To find more insight on electric utility stocks, check out our top utility stock page. Our top utility stock page uses a more advance criteria system to find the top stock analysis from our platform. Our algorithms conduct performance, volatility and diversification checks on all of our stock analysts to showcase only the best utility stocks.
Need more information on utilities? Check out these helpful articles:
Is the Power Sector a Good Investment?
The power sector is a great place to invest as an income investor. When comparing utilities to the broader market, utilities have objectively lower draw downs and volatility. Investing in the power sector has its drawbacks as the broader market has performed better in the last 10 years versus utilities.

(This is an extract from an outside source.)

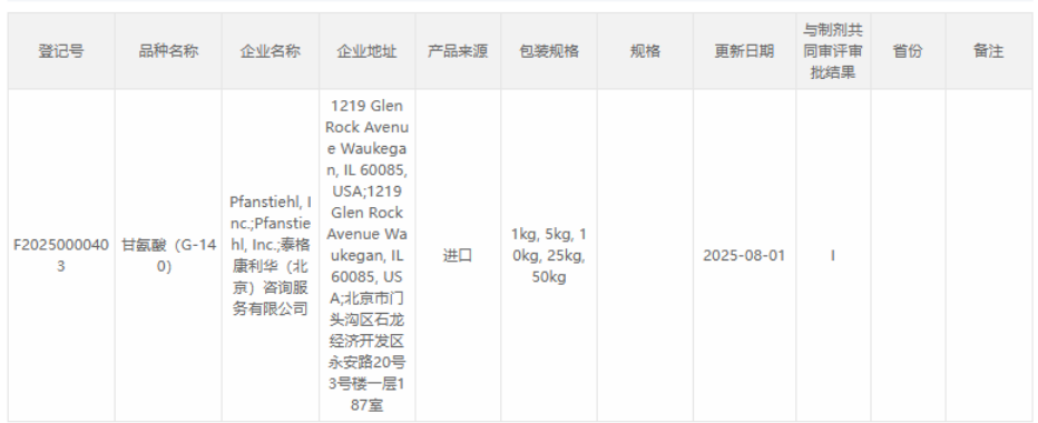 “熱烈祝賀Pfanstiehl的注射級甘氨酸Glycine(G-140)喜獲CDE登記號F20250000403, 這是Pfanstiehl產(chǎn)品獲得的第18個(gè)CDE登記號!”
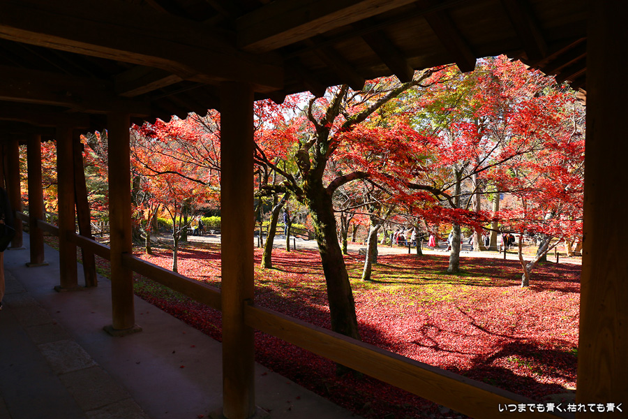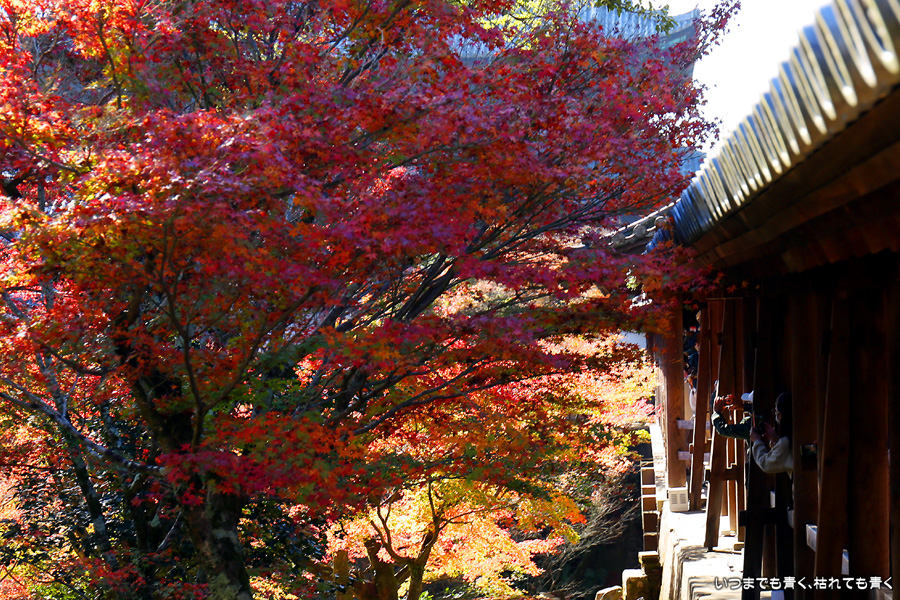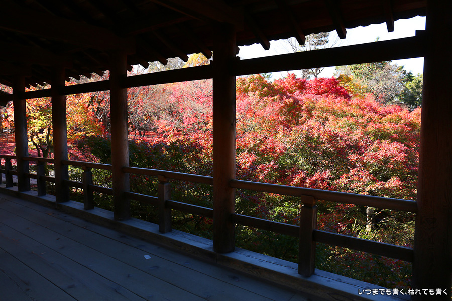 今回の京都3日間紅葉めぐりは、人の少ない穴場めぐりだったのですが、東福寺は何度も来ているのに最近は2015年から来ていないとわかって、どうしても東福寺の紅葉を見たくて混雑覚悟でやってきました。しかし、通天橋で人のいない写真が撮れるほど人が少なくて、嬉しい誤算でした。少し見ごろの時期が過ぎている感じはしますが、さすがに東福寺の紅葉は圧巻です。

Why are Power Stocks Growing?
After analyzing these multiple companies, certain power stocks are growing because:
- They are managing their dividend policy. A good policy keeps some cash for capital projects while still providing stakeholders consistent income.
- They are investing in renewable energies, reducing exposure to more volatile energy markets like coal, oil, and natural gas.
- They have a strong focus within their company on their core business.
- During market sell-offs, investors are moving into more stable utilities.
Can you buy stocks in electricity?
When you invest in electricity, you can invest in electricity power providers or in products that use electrical power. Electric vehicles are the most common electrical product investors search for. Historically though, investing in electricity is associated with utilities that provide electricity.
What are Electric Utility Stocks?
Electric utilities provide electricity to businesses, residents, and government institutions like military bases. Providing electricity is a multi-step process. Some utilities own a part of this process or another process like natural gas or water. Sempra Energy, for example, is heavily diversified into the transmission of natural gas.
Providing electric is fulfilled in three parts
- Power Distribution – Power distribution lines bring electricity to the end-user. A step-down voltage transformer is used to lower the voltage that is coming into the end user. The utility company that owns the power distribution also manages customers. They work with businesses to fulfill electrical hookup needs. They also manage the payment for electricity from the end-user.